In John McPhee's story about truckers, driver Don Ainsworth talks about truck-stop bathrooms: "You can take a prom date to a Petro." You probably shouldn't take a prom date to the bathroom at the Texas Truck Stop, but for a lot lizzard, it's just about right. The bathroom is tucked in the rear of the store, past the video slots and through the storage room. The black magic marker on the hand dryer is a truck-stop cliché, but there's a shower in the bathroom that's just not right. Most of the "messages" have been scrubbed from the walls, but you can still score some numbers to call if you're looking for a good time.

We generally don't see a lot of soul-food ­restaurant commercials. You've got the ­freakin' Mandola's every two seconds, but soul-food joints generally earn their rep through word-of-mouth, not blitzkrieg broadcasting. But owner Kenneth Washington's commercial is pretty much what you'd expect a soul-food commercial to be: a dude talking about how good his restaurant's food is while showing video of said food. Washington even mentions his famous "40-weight gravy," which sounds vaguely like his gravy might be used for industrial purposes, but probably tastes amazing.

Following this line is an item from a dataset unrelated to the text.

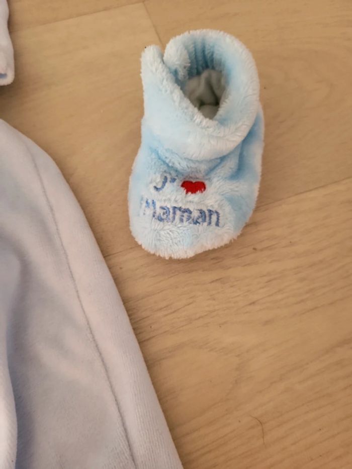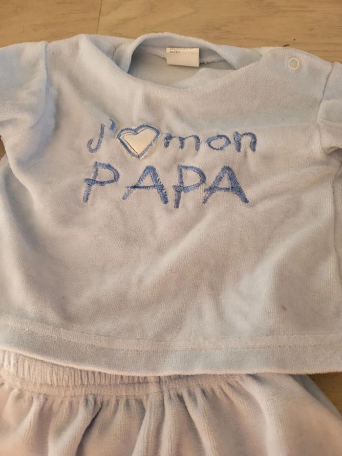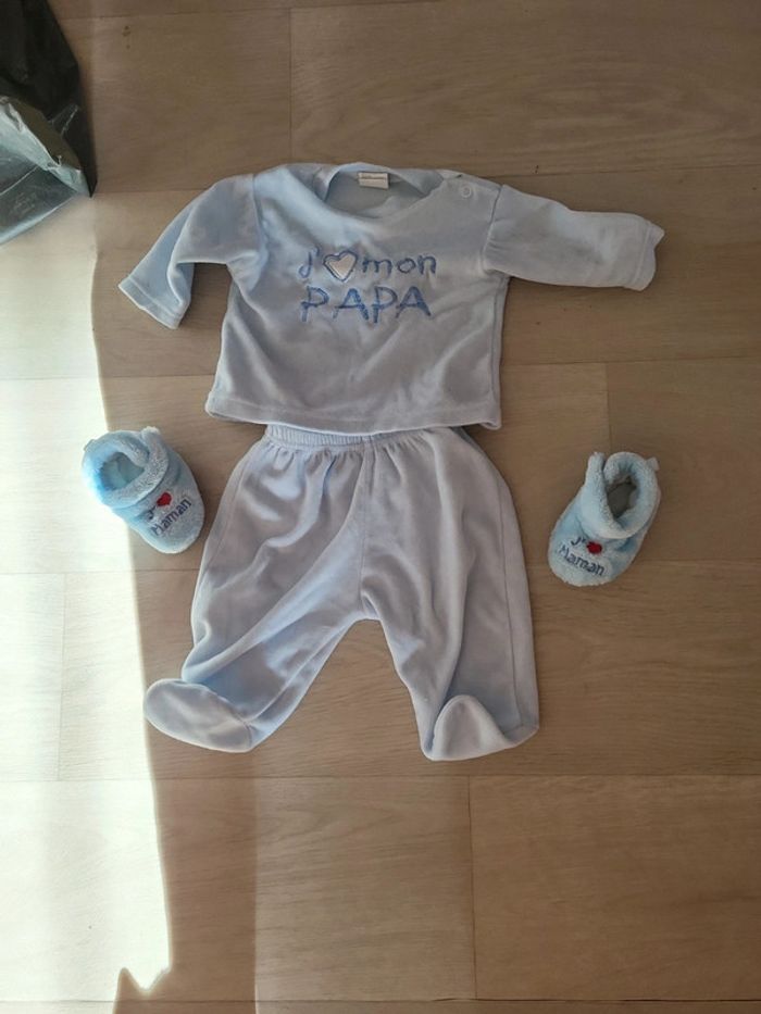 Pyjama 2 pièces j'aime mon papa + chaussons j'aime maman Excellent état. Taille 3 mois. #nd8015bébé N'hésitez pas à visiter mon dressing, remises sur lots activées.

This is a homegrown, no-nonsense spot — and it makes you want to check out this funky-sounding joint in, as Washington proclaims, "the heart of Sunnyside, Texas."

Charlie Rose isn't the only PBS-head who can conduct intelligent, one-on-one, no-frills interviews with a variety of interesting personalities. Houston's Ernie Manouse, host of InnerVIEWS, has been doing just that for years. His diverse guests have included Molly Ivins, Calvin Trillin, k.d. lang, Isaac Hayes, Jamie Foxx and Anne Rice. Manouse asks smart, thoughtful questions and never tries to hog the camera or talk over his guests. His subtle, witty and sharp style has earned him a host of Emmy nominations and awards from the Press Club of Dallas, among others. If you haven't already, check him out and see how long it takes you to think, "Hey, this is pretty damn good."

You gotta love a guy who gets up in the middle of the night just so he can tell us Houston's weather is going to be hot. That's what KPRC-TV weatherman Anthony Yanez does: He wakes up at 2:30 a.m., is at work by 3 a.m. and is on the air by 5 a.m., giving up-to-the-minute forecasts (ah, it's going to be hot, hot and hotter?). In a field where bad news makes for great newscasts, Yanez is matter-of-fact, leaving the hysterics and hyperbole to his competitors. His professionalism and commitment to getting Houston the right information show that the weather desk is not just another stop on his career path, but his home. Yanez's first day at Channel 2 was a bit of a stormy start. It was July 15, 2003, and Hurricane Claudette was pounding the Gulf Coast. (Welcome to hell, Anthony.) Since then, the meteorologist has reported on deadly heat waves, swirling floods, twisting tornadoes and devastating storms, including hurricanes Katrina and Rita. All of it suits Yanez just fine, but then again, he vacations in Purgatory (the canyon in New Mexico, not hell).

Whether it is known as the Tien Tao temple or the Chong Hua Sheng Mu Holy Palace, this edifice certainly stands out in Kingsbridge Park, its typical southwest-side suburban neighborhood. This five-story pyramid-esque, vaguely Mayan-looking structure is topped by a 40-foot golden geodesic dome which is flanked by two smaller domes and two exterior staircases — the overall effect is something like a sawed-off Mayan temple of the sun. And this intended East Asian nexus is utterly empty — the leader was deported back to her native Hong Kong. Today, the structure seems a good fit only for its leader's return, or perhaps purchase by an aspiring supervillain in search of a World Domination Headquarters.